### [ACTIVITY]
Leave the pictures out and quote every line from the start of the listing to the line with "This document provides", inclusive.

### [RECORDS PROVIDED]
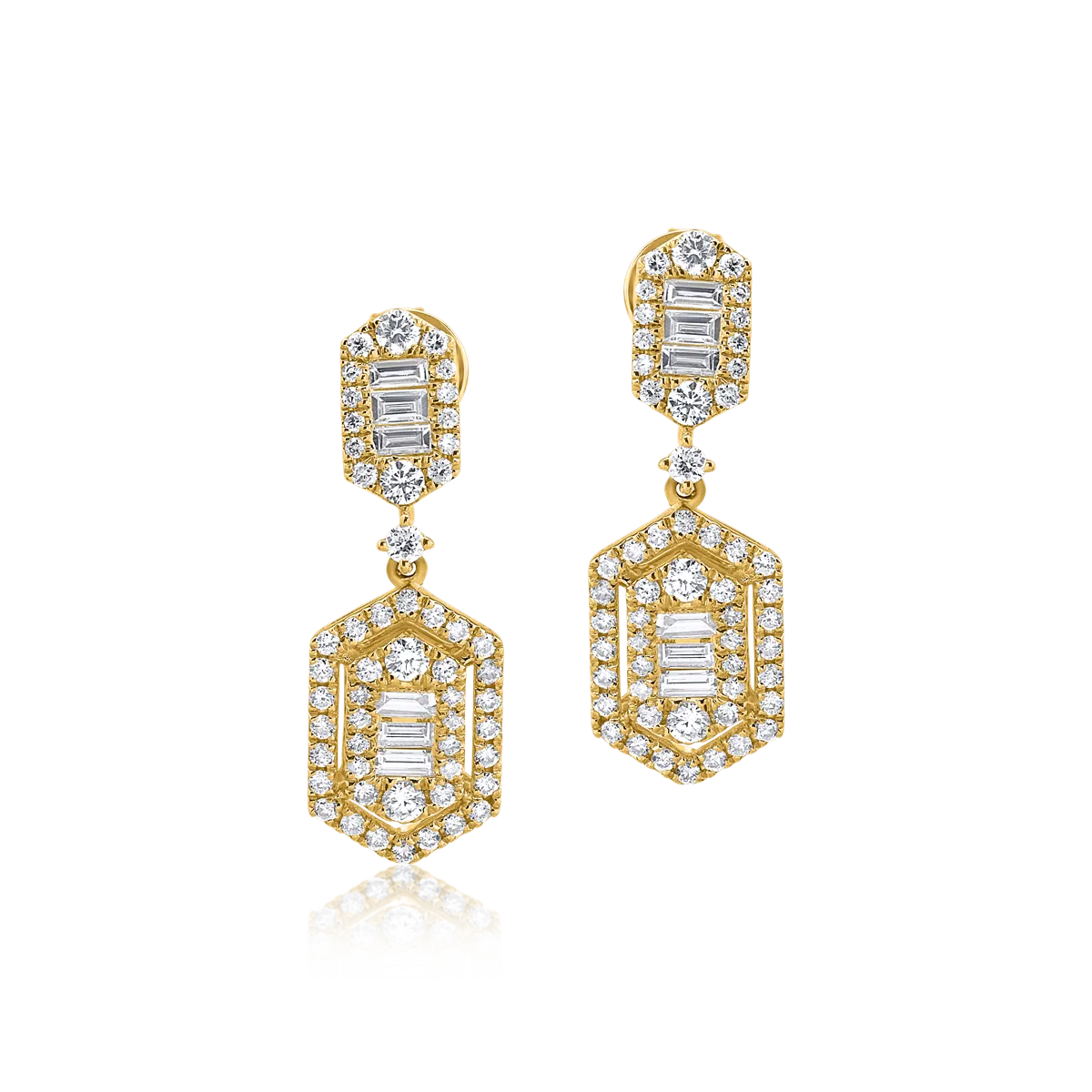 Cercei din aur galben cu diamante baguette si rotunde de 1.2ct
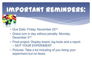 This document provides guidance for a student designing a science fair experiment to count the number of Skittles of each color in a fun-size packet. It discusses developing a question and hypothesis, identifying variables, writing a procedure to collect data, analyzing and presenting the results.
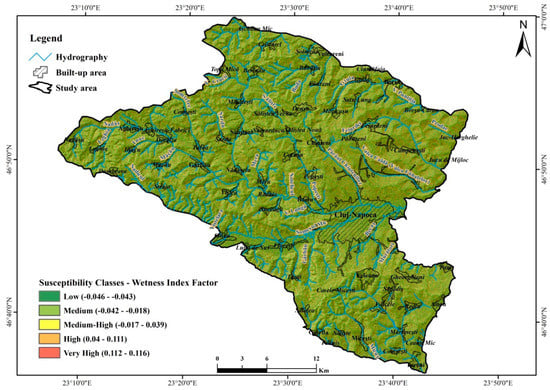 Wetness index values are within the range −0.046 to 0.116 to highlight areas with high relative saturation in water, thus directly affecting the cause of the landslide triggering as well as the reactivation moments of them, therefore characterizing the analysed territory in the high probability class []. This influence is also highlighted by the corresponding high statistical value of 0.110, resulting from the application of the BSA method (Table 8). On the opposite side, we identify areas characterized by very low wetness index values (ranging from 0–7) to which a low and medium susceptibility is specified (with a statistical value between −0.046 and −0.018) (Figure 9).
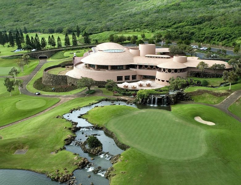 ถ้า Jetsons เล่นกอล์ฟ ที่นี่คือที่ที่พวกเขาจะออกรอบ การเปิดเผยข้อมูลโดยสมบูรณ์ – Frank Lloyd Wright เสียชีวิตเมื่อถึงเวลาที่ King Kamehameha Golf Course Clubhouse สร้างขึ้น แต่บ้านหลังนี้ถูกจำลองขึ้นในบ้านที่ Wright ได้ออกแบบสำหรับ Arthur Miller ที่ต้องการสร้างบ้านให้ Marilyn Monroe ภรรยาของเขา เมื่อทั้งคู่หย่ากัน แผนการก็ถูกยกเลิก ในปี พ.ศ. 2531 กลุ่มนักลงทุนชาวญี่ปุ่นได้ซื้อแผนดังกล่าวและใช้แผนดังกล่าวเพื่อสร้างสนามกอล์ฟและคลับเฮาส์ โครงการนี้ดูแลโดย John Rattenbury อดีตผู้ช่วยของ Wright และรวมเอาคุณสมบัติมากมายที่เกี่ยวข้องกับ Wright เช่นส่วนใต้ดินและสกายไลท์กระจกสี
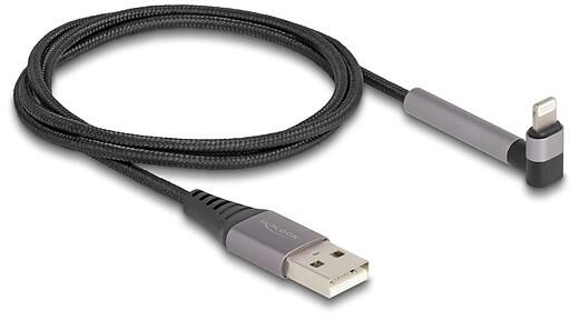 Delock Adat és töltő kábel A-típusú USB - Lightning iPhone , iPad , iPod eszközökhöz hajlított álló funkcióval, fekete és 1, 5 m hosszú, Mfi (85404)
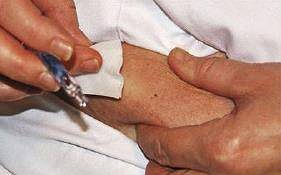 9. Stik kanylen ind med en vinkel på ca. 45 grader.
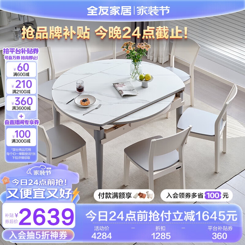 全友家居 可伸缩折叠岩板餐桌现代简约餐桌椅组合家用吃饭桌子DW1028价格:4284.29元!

### [ANSWER TO THE EXERCISE]
 Cercei din aur galben cu diamante baguette si rotunde de 1.2ct
 This document provides guidance for a student designing a science fair experiment to count the number of Skittles of each color in a fun-size packet. It discusses developing a question and hypothesis, identifying variables, writing a procedure to collect data, analyzing and presenting the results.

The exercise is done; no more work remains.